PROBLEM =
Restate, exactly as written, the entries below from the line that holds "ロッキーは泳ぎが大好き。 ボールを追いかけるのが得意。 |" through the line that holds "Komoda rohová MEDIOLAN". Pictures are not part of the copy.

RECORDED INFORMATION =
━━━━━━━━

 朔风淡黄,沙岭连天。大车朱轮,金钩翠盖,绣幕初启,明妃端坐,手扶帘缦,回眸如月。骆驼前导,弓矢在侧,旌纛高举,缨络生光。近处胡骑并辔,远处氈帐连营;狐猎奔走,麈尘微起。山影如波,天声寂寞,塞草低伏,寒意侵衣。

━━━━━━━━

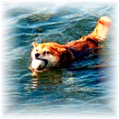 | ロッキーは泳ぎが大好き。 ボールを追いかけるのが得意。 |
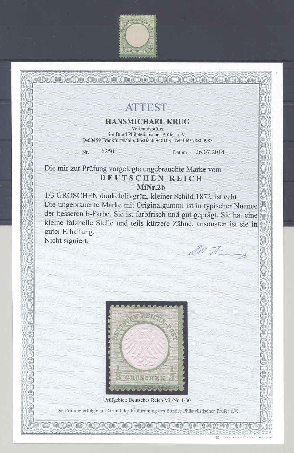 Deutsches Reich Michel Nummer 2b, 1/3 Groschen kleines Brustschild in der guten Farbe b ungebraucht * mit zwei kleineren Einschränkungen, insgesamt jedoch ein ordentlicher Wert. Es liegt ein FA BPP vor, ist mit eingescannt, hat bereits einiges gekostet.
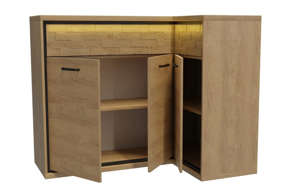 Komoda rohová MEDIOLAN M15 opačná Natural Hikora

━━━━━━━━

TASK ANSWER =
 | ロッキーは泳ぎが大好き。 ボールを追いかけるのが得意。 |
 Deutsches Reich Michel Nummer 2b, 1/3 Groschen kleines Brustschild in der guten Farbe b ungebraucht * mit zwei kleineren Einschränkungen, insgesamt jedoch ein ordentlicher Wert. Es liegt ein FA BPP vor, ist mit eingescannt, hat bereits einiges gekostet.
 Komoda rohová MEDIOLAN M15 opačná Natural Hikora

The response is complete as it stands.